These commands enable controllers for the immediate children groups of the /sys/fs/cgroup/ root control group. A child group is where you can specify processes and apply control checks to each of the processes based on your criteria.

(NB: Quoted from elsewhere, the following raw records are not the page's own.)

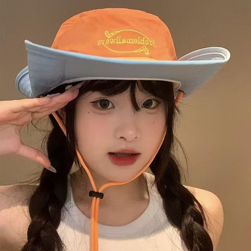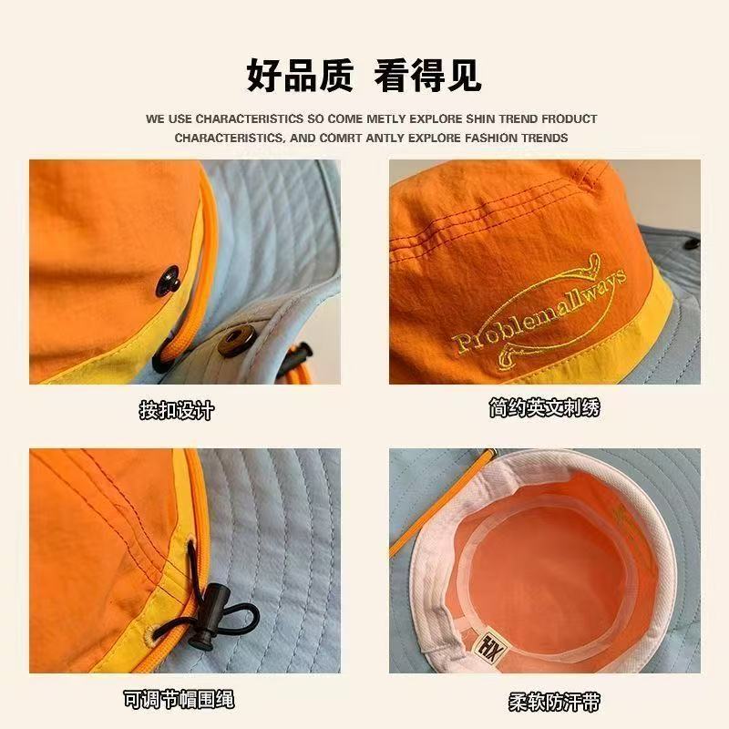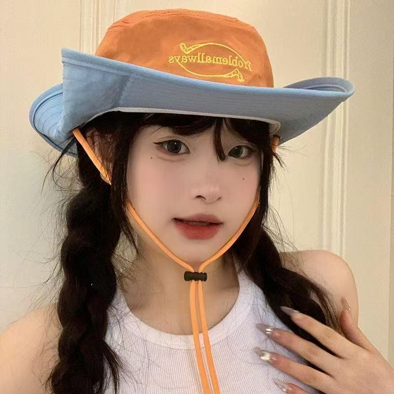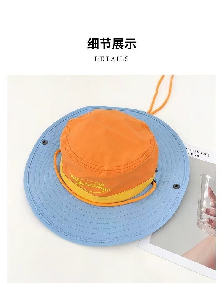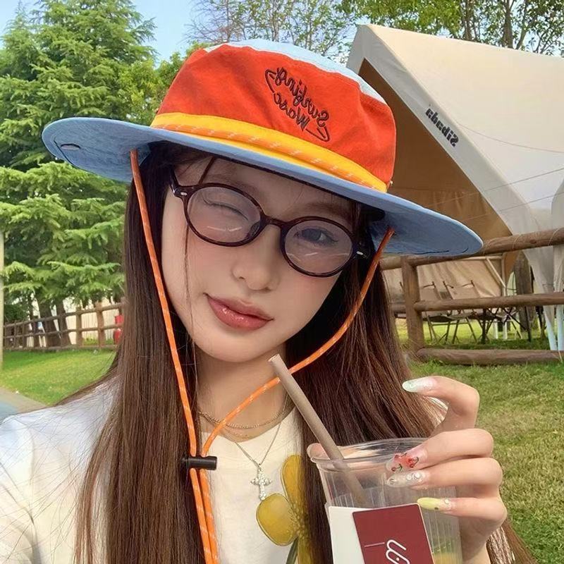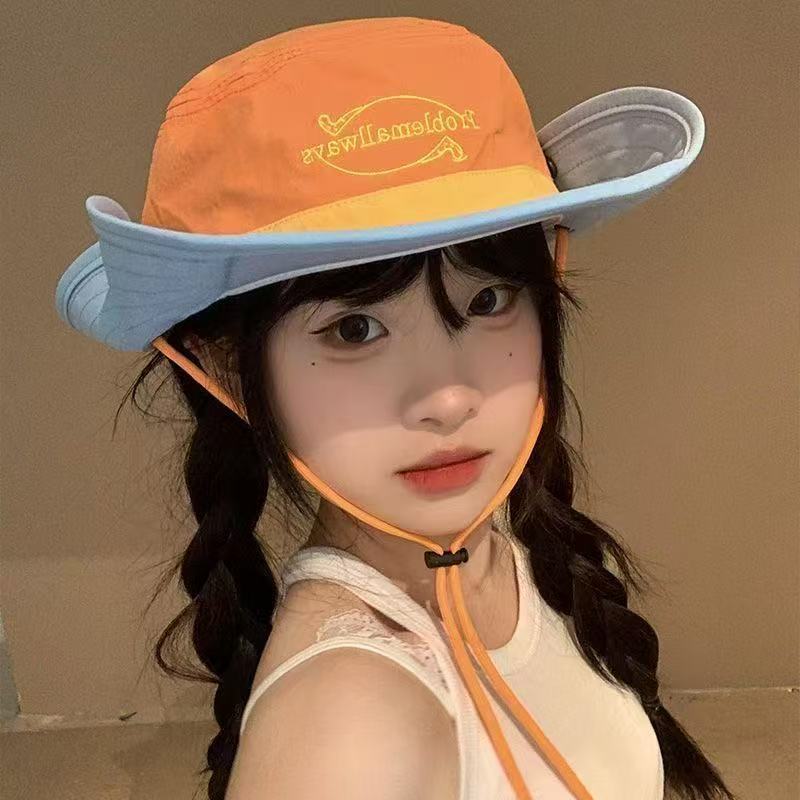 2025 새로운 야외 색상 일치 어부 모자 여성 여름 태양 보호 모자 도파민 색상 일치 문자 하이킹 모자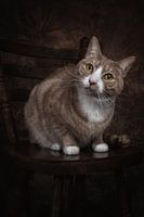 Een prachtig schilderachtig portret in van een creme kleurige kat, geïnspireerd door de stijl van de oude meesters.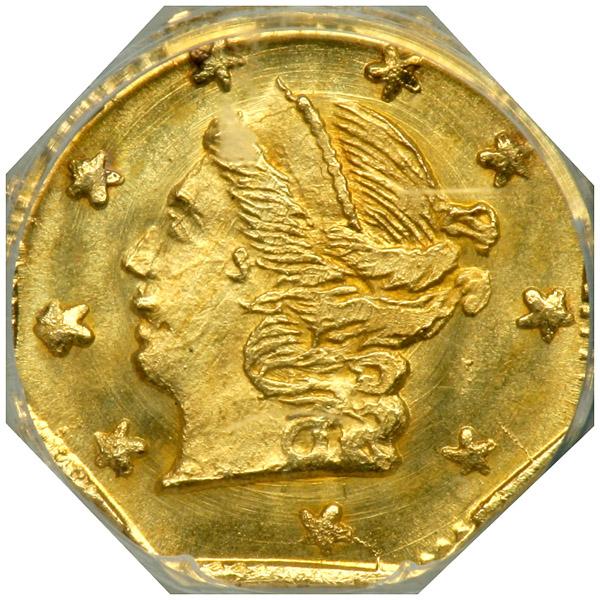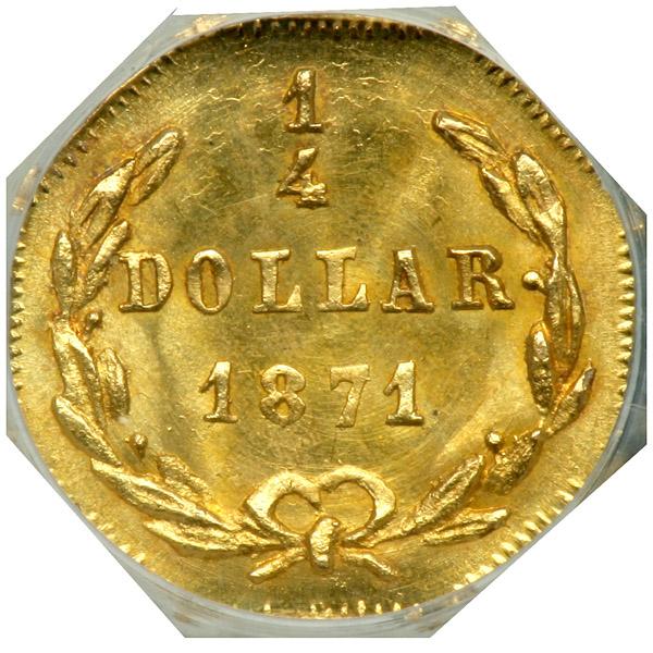 1871 Quarter Dollar Octagonal. NGC graded MS-65. Frosty and lightly toned. A solid little Gem whose luster gleams. Pop 7; 6 finer.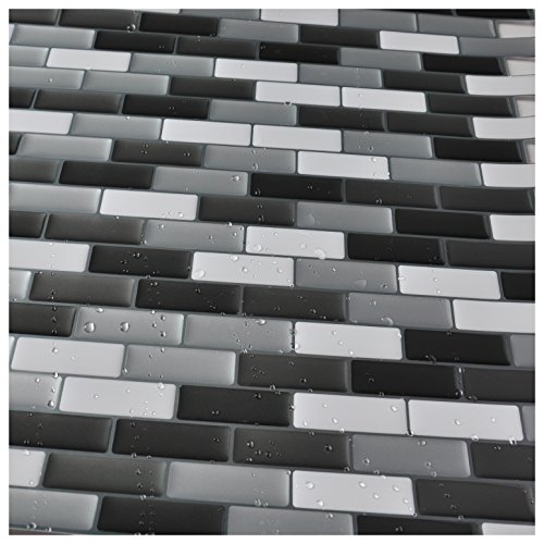 Art3d Peel and Stick Wall Tile for Kitchen / Bathroom Backsplash, 12"x12", Grey-White (6 Pack)

Users can read the contents of the cgroup.subtree_control file at any level to get an idea of what controllers are going to be available for enablement in the immediate child group.

Child Control Group

The /sys/fs/cgroup/ listing above shows some subdirectories (Child Control Groups) like: lxc.payload.fileserver. New Child Groups can be added by creating a subdirectory in /sys/fs/cgroup.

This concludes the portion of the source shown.